[Start of Attachment]

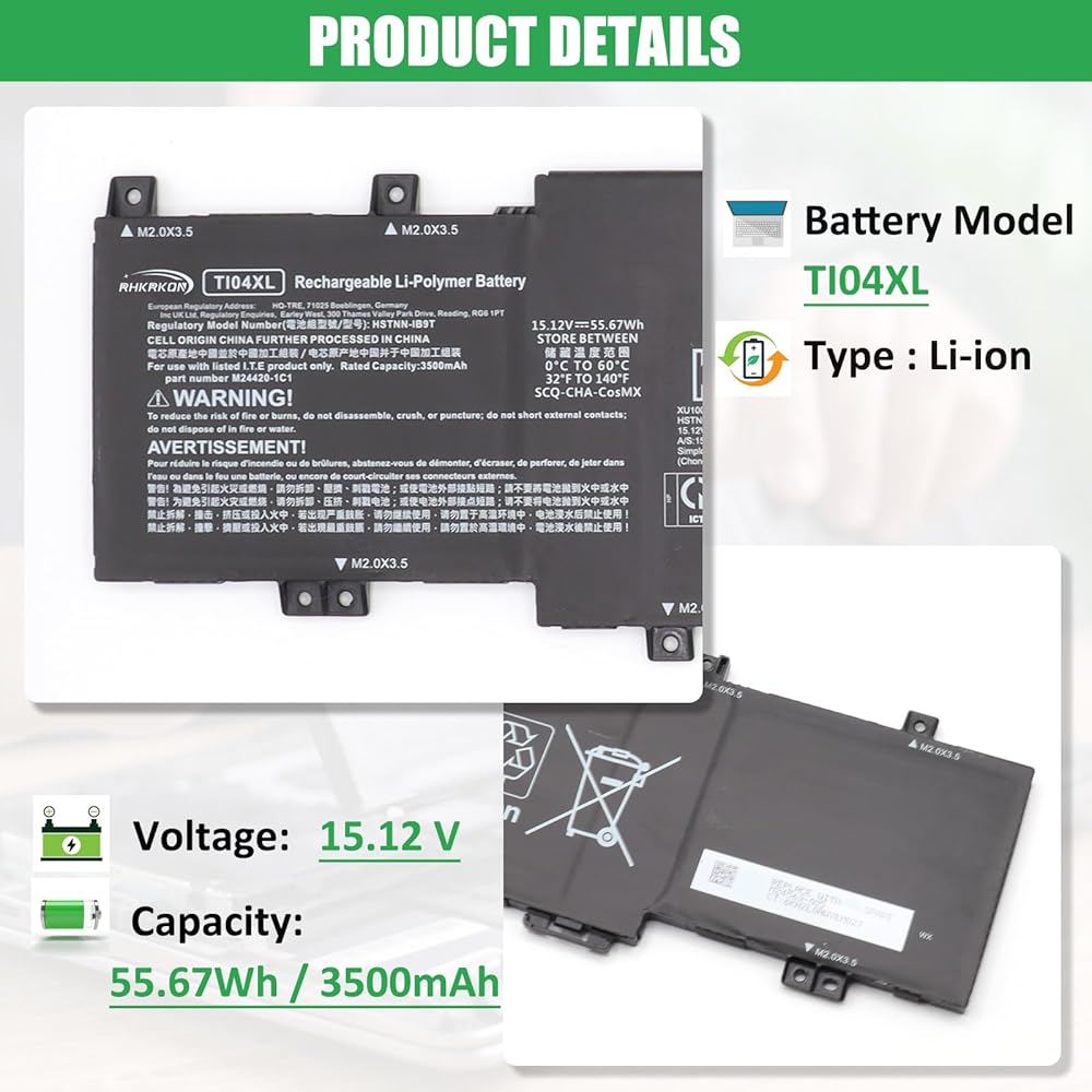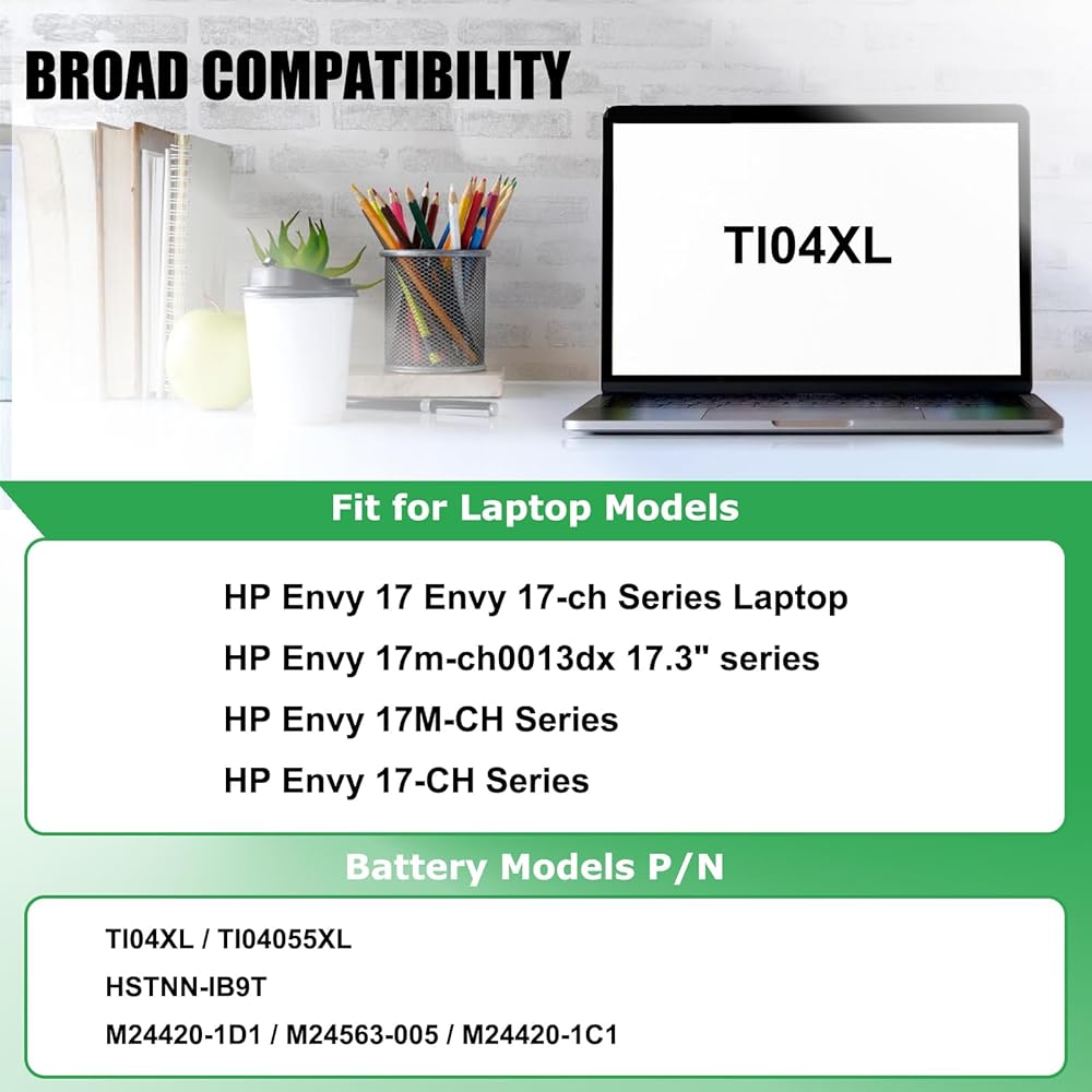 🔋【Battery Specification】Model Name: TI04XL; Voltage: 15.12V; Capacity: 55.67Wh / 3500mAh; Battery Type: Li-ion; Condition: 100% brand new from manufacturer; Color: Black; Packaged come with: 1*battery + battery installation screwdrivers + 1*instruction for laptop battery
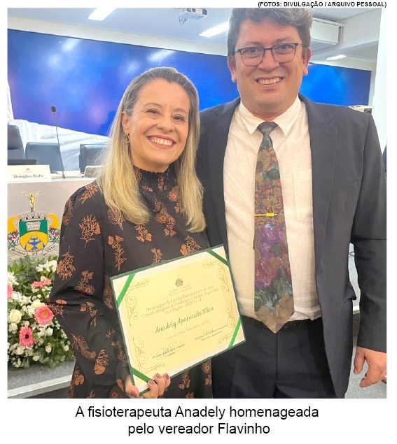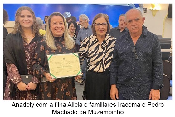 Em destaque, a profissional Anadely Aparecida Silva, acompanhada de familiares de Muzambinho que recebeu o Certificado de Homenagem das mãos do vereador Flavinho de Lima e Silva.
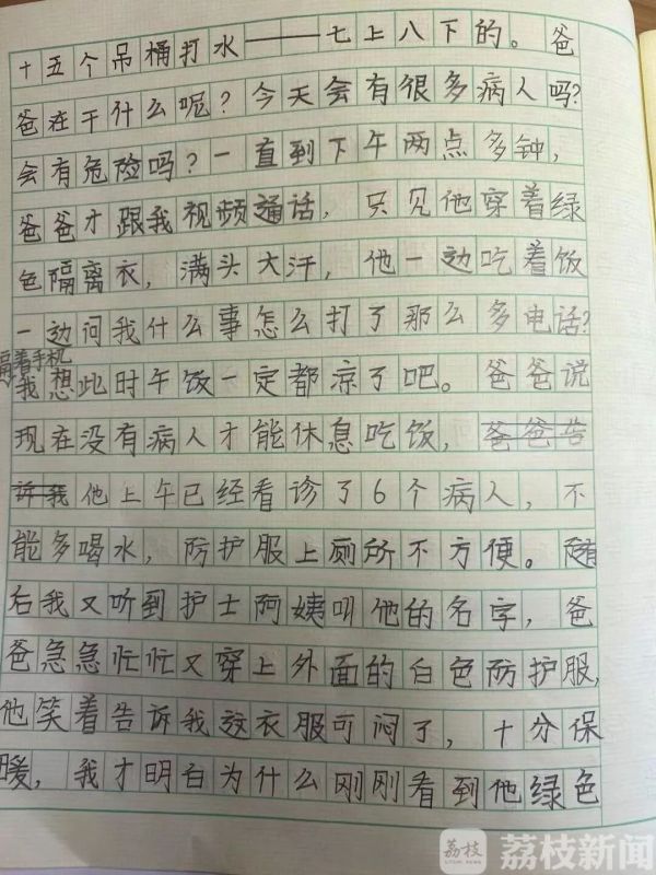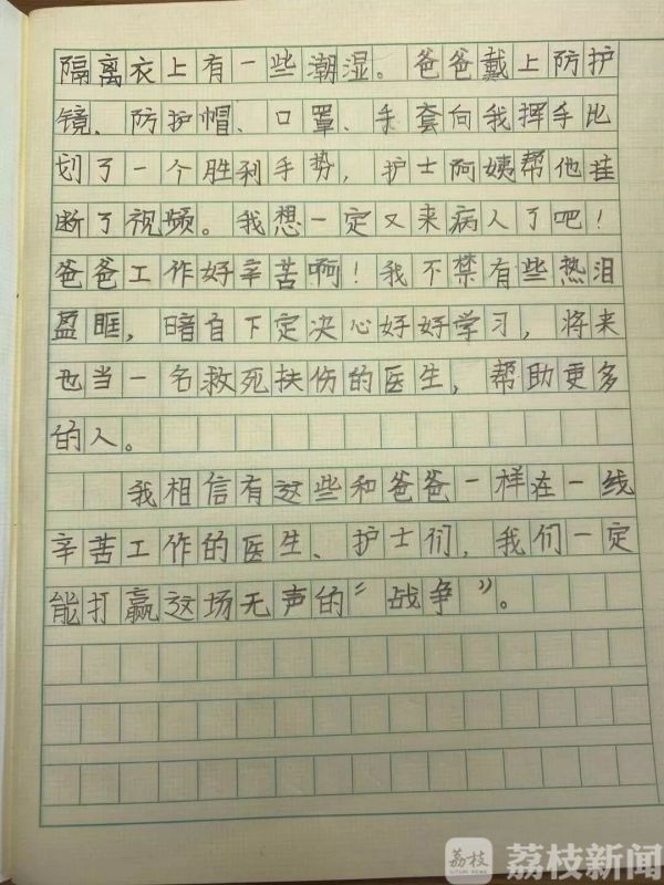 “一直到下午两点多钟,爸爸才跟我视频通话,只见他穿着绿色隔离衣,满头大汗……”殷若诚在日记里写道。看到女儿写的日记,殷军锋也落下热泪。“在上发热门诊前,我的内心也是有些许恐慌的,更何况那些对医学不了解的老百姓。所以我告诉大家,不要紧张、科学防治;坚定信心、同舟共济。相信我们有信心,有能力打赢这场疫情阻击战!”殷军锋说。
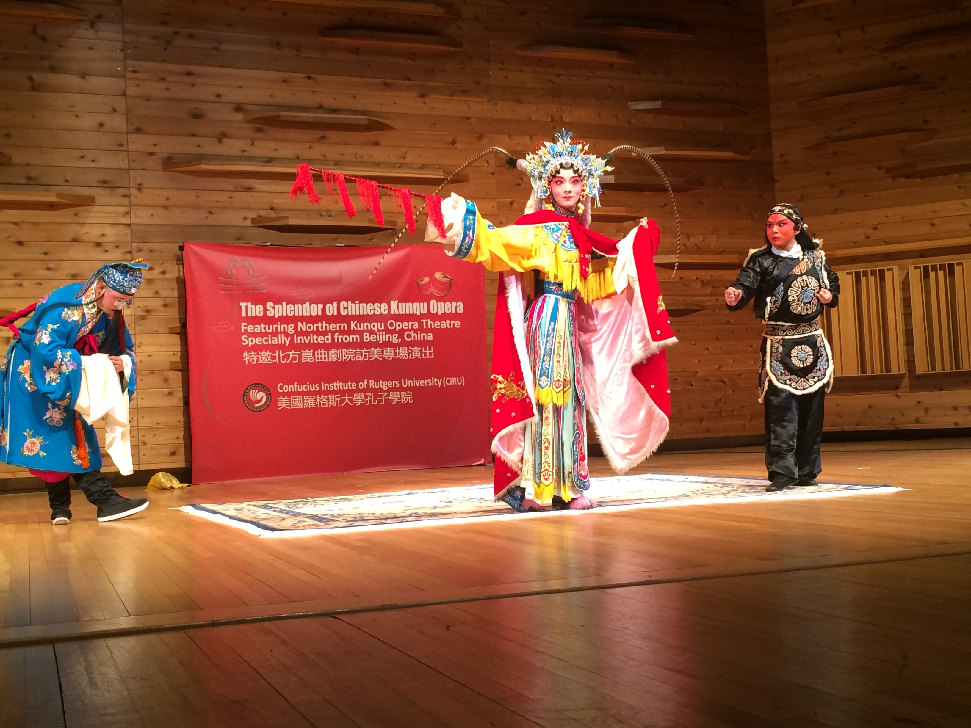 与美国罗格斯大学合作建立的孔子学院特邀以杨凤一为院长的北方昆曲剧院,进行了一场别开生面的专场演出。
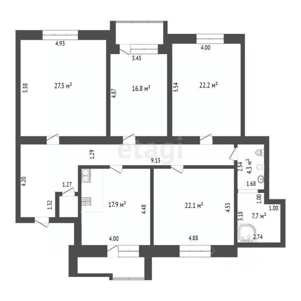 Квартиру можно приобрести как для собственного комфортного проживания большой семьёй, так и для переоформления под коммерческую недвижимость с возможностью сделать отдельный вход с улицы. Также можно при желании разделить на 2 квартиры, так как есть 2 стояка водоснабжения.
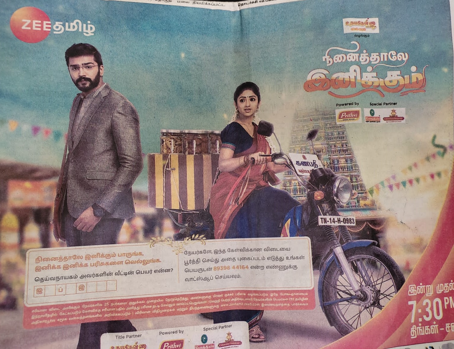 Zee Tamil Ninaithale Inikkum Serial WhatsApp Contest 2021. Answer the simple questions to win Pressure Cooker.
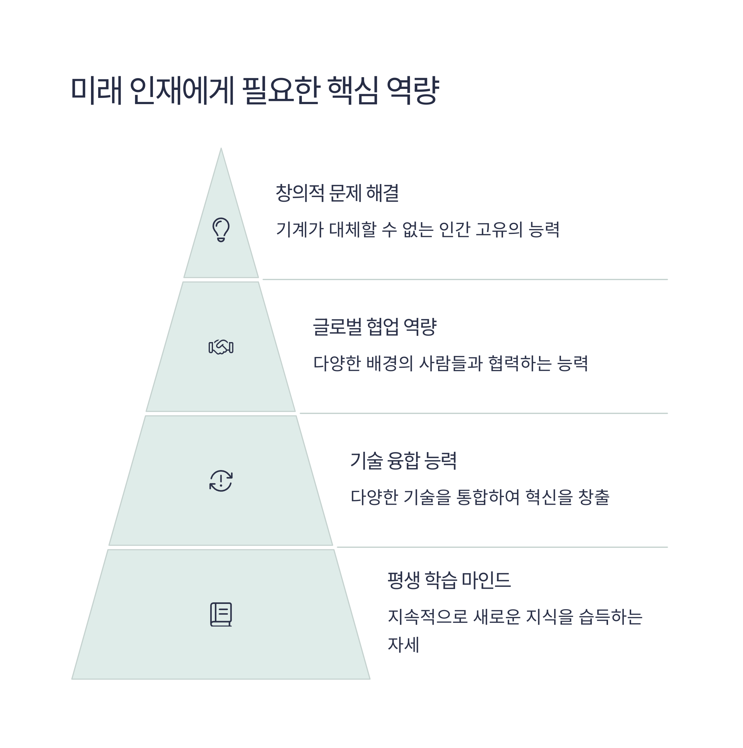 | 직업의 디지털 전환 가속화 | 플랫폼 설계자, AI 커뮤니케이터 등 | 학습 지속성과 창의력 중심의 문제 해결력 |
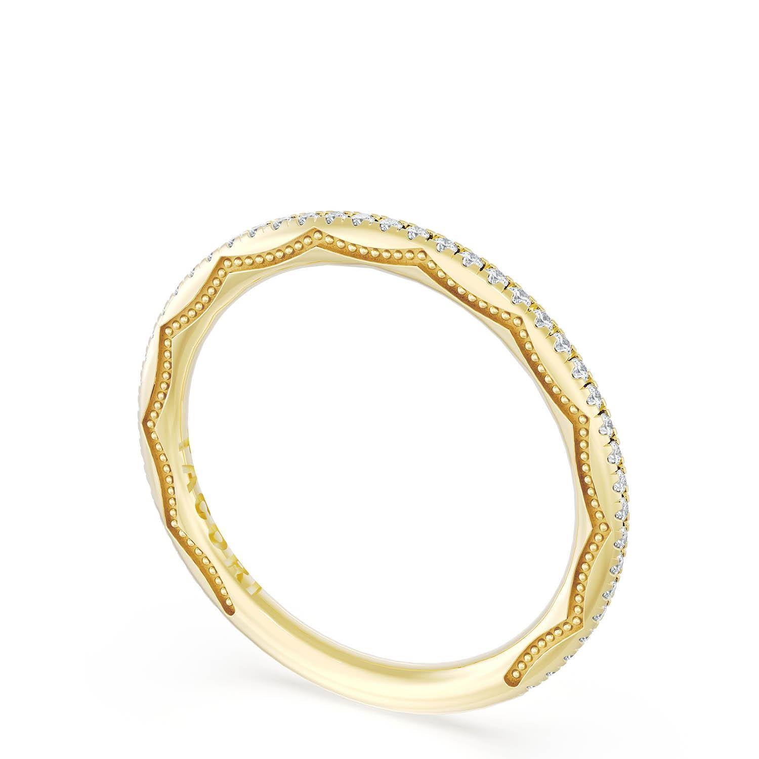 Alternating carré and round brilliant diamonds are bezel set into a high polish 18kt Yellow Gold band. Hand-hewn beading and meticulous milgrain add texture to the inner face silhouette.
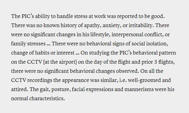 甚至是在马来西亚官方针对马航MH370失踪后的调查报告中,Zaharie被认为能很好处理工作压力,并且没有冷漠、焦虑、烦躁等情绪问题,生活方式简单,家庭和谐,人际关系良好
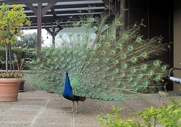 Ein wunderschönes Erlebnis - ein Pfau ohne Scheu in den Gärten und auf Hausdächern.
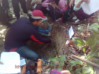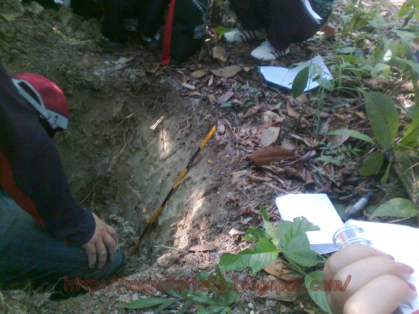 oleh itu, dengan ini aku sharing2 la dengan sesape yang sudi bace blog aku macam mane aku terjatuh cinta pada amali kali pertama ni.....=) ni waktu amali buat soil profiling....
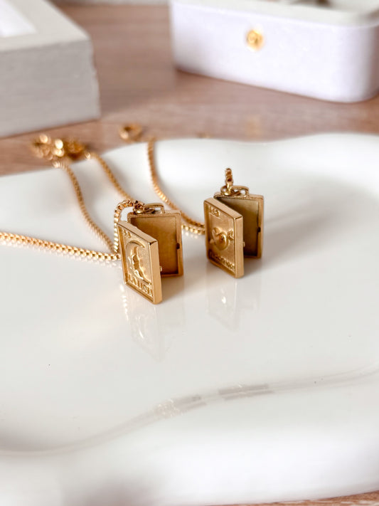 Precio habitual 80.00 GTQPrecio habitualPrecio unitario / porPrecio de oferta 80.00 GTQRelicario Libro Poker, Corazón y Luna, Cadena con Fotos internas, Acero Inoxidable
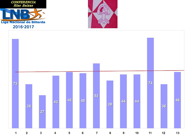 Outros datos relevantes son os da tendencia dos equipos. Abaixo vemos como dos 4 primeiros as tendencias ascendentes son de GHARABOTO e de RINOCERONTE. CORREDOIRAS e LÚA DE FORZA marcan un lixeiro descenso na súa tendencia. Isto significa que o equipo de Bueu e de Sanxenxo empezaron a temporada moi fortes e non son quen de manter o nivel, ben certo que CORREDOIRAS obtivo tanta vantaxe de puntos que non lle vai influir esta tendencia. A quen si pode afectarlle é a LÚA DE FORZA. Veremos se lle chega coa vantaxe que ten sobre RINOCERONTE.
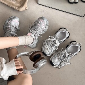 【林允同款】厚底老爹鞋女款2025新款春季网面透气百搭银色运动鞋
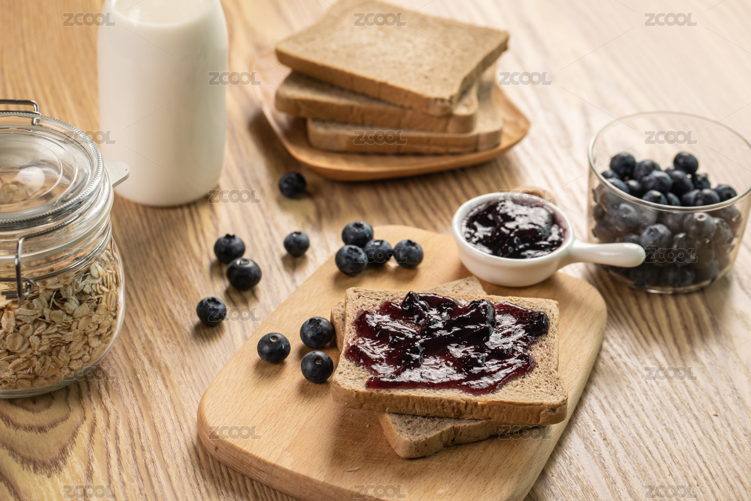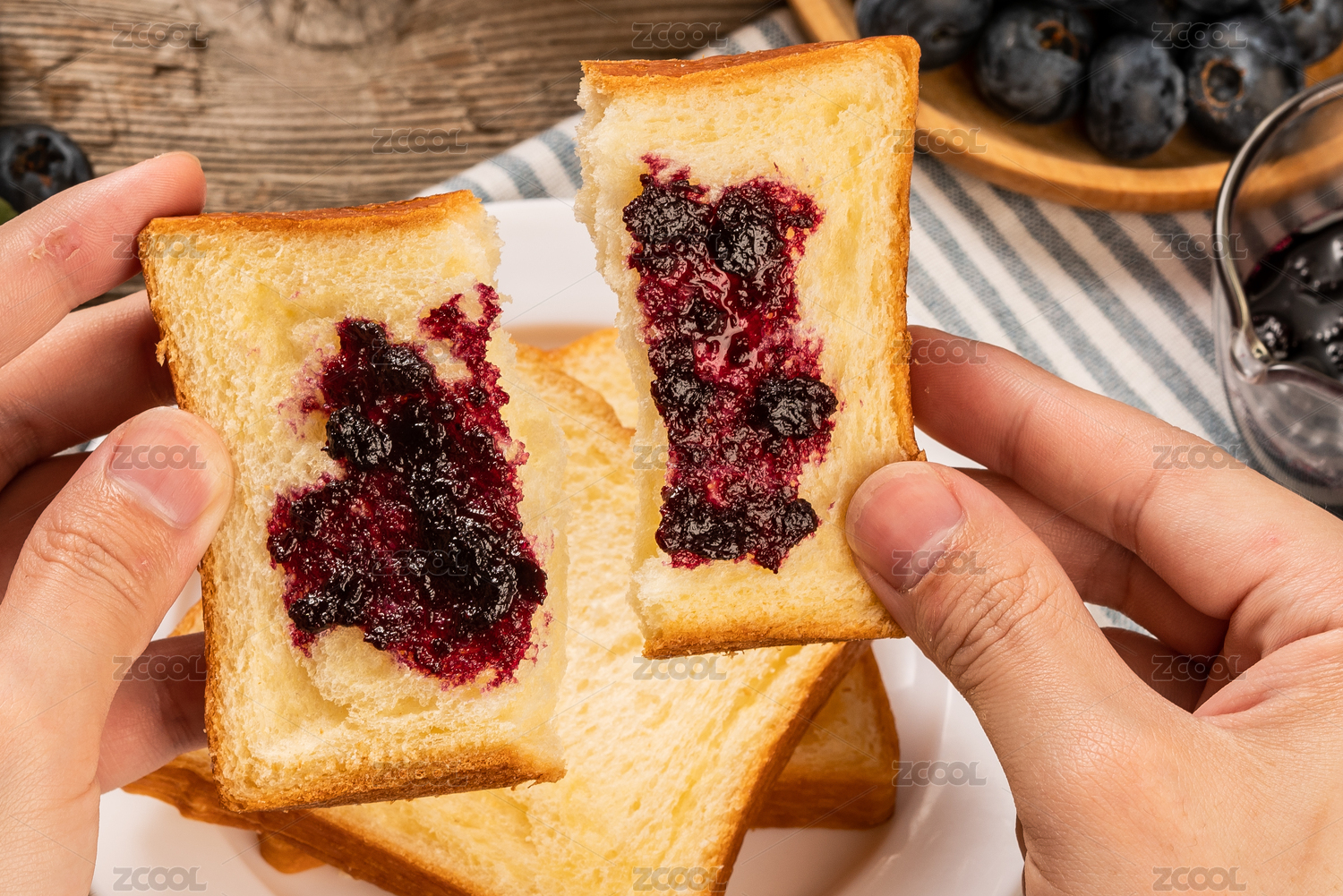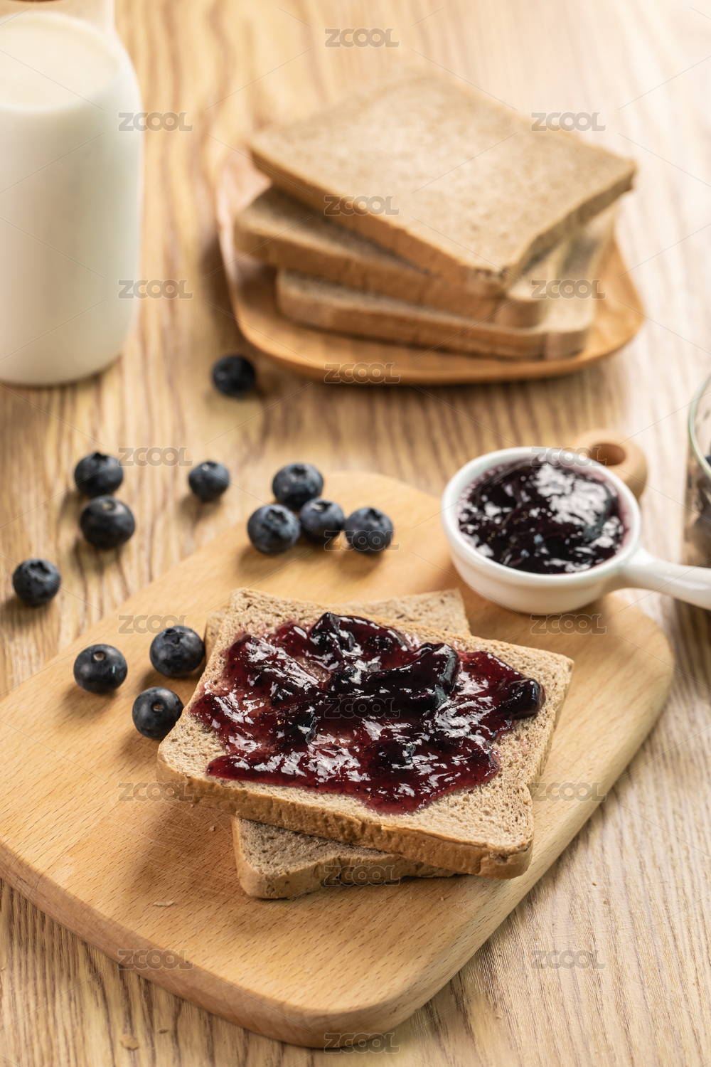 抹著藍莓果醬的面包片擺放在格子桌布上特寫

[End of Attachment]

### Problem to work on
Repeat every record above exactly, but drop the pictures.

### Answer section
 🔋【Battery Specification】Model Name: TI04XL; Voltage: 15.12V; Capacity: 55.67Wh / 3500mAh; Battery Type: Li-ion; Condition: 100% brand new from manufacturer; Color: Black; Packaged come with: 1*battery + battery installation screwdrivers + 1*instruction for laptop battery
 Em destaque, a profissional Anadely Aparecida Silva, acompanhada de familiares de Muzambinho que recebeu o Certificado de Homenagem das mãos do vereador Flavinho de Lima e Silva.
 “一直到下午两点多钟,爸爸才跟我视频通话,只见他穿着绿色隔离衣,满头大汗……”殷若诚在日记里写道。看到女儿写的日记,殷军锋也落下热泪。“在上发热门诊前,我的内心也是有些许恐慌的,更何况那些对医学不了解的老百姓。所以我告诉大家,不要紧张、科学防治;坚定信心、同舟共济。相信我们有信心,有能力打赢这场疫情阻击战!”殷军锋说。
 与美国罗格斯大学合作建立的孔子学院特邀以杨凤一为院长的北方昆曲剧院,进行了一场别开生面的专场演出。
 Квартиру можно приобрести как для собственного комфортного проживания большой семьёй, так и для переоформления под коммерческую недвижимость с возможностью сделать отдельный вход с улицы. Также можно при желании разделить на 2 квартиры, так как есть 2 стояка водоснабжения.
 Zee Tamil Ninaithale Inikkum Serial WhatsApp Contest 2021. Answer the simple questions to win Pressure Cooker.
 | 직업의 디지털 전환 가속화 | 플랫폼 설계자, AI 커뮤니케이터 등 | 학습 지속성과 창의력 중심의 문제 해결력 |
 Alternating carré and round brilliant diamonds are bezel set into a high polish 18kt Yellow Gold band. Hand-hewn beading and meticulous milgrain add texture to the inner face silhouette.
 甚至是在马来西亚官方针对马航MH370失踪后的调查报告中,Zaharie被认为能很好处理工作压力,并且没有冷漠、焦虑、烦躁等情绪问题,生活方式简单,家庭和谐,人际关系良好
 Ein wunderschönes Erlebnis - ein Pfau ohne Scheu in den Gärten und auf Hausdächern.
 oleh itu, dengan ini aku sharing2 la dengan sesape yang sudi bace blog aku macam mane aku terjatuh cinta pada amali kali pertama ni.....=) ni waktu amali buat soil profiling....
 Precio habitual 80.00 GTQPrecio habitualPrecio unitario / porPrecio de oferta 80.00 GTQRelicario Libro Poker, Corazón y Luna, Cadena con Fotos internas, Acero Inoxidable
 Outros datos relevantes son os da tendencia dos equipos. Abaixo vemos como dos 4 primeiros as tendencias ascendentes son de GHARABOTO e de RINOCERONTE. CORREDOIRAS e LÚA DE FORZA marcan un lixeiro descenso na súa tendencia. Isto significa que o equipo de Bueu e de Sanxenxo empezaron a temporada moi fortes e non son quen de manter o nivel, ben certo que CORREDOIRAS obtivo tanta vantaxe de puntos que non lle vai influir esta tendencia. A quen si pode afectarlle é a LÚA DE FORZA. Veremos se lle chega coa vantaxe que ten sobre RINOCERONTE.
 【林允同款】厚底老爹鞋女款2025新款春季网面透气百搭银色运动鞋
 抹著藍莓果醬的面包片擺放在格子桌布上特寫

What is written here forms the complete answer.